But it’s been pretty- that process, I mean you tell me from your experience, does that feel swifter than usual? Does it feel like the ability to get the right people in a room to have the right conversations, to kind of address the sharp end and the risks as you just described, does that feel like it’s kind of working a bit swifter than you might have expected? Given the levels of absolute anger, fear, hatred that sits in the middle of all this.

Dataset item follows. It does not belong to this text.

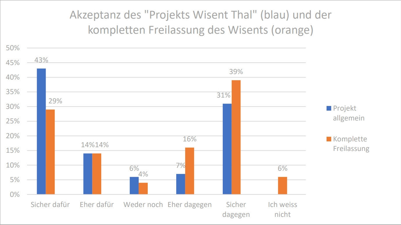 Akzeptanz der Bevölkerung auf Fragen zum Projekt allgemein (blau) und zu einer vollständigen Freilassung von Wisente (orange).

James Landale:                 [0:10:08] It’s a good question. I think what has- there have been negotiations, and the reason that those negotiations have borne some fruit in terms at least of the release of the hostages is I think a function of the fact that throughout this crisis talking has continued. Channels of communication have remained open.

So for example there was one occasion when Antony Blinken, the US Secretary of State, did a tour of the region and during one of those he went to see the Prime Minister of Iraq in Baghdad, and literally almost the moment that Tony Blinken left to go to his next location the Prime Minister of Baghdad was on a plane to Tehran carrying the US message.

Now obviously the US and Iran do not have diplomatic relations, if there is any communication it’s through the Swiss Embassy in Tehran. But there is communication taking place. And that is a, you know, I hate to use the phrase ‘positive’ in a crisis like this, but that is something that could have been worse. So talking is taking place.

And that means that within that communication it is possible for a country like Qatar which has relations with Hamas to play a negotiating intermediary role so that you can actually have the communication that allows these deals to be done, so that at least some hostages can get out.

So has that happened quickly? Yes, reasonably. Reasonably. But also remember, there are other factors here. There’s a widespread sort of speculation, because we don’t know, but there’s speculation that Hamas took more hostages than expected, and that actually you know, controlling that number of people, housing them, feeding them, making sure that they’re safe, making sure they can’t be recaptured, is a logistical burden that I think Hamas might be not unhappy to reduce the scale of that burden. Remember, there are still a lot of hostages left.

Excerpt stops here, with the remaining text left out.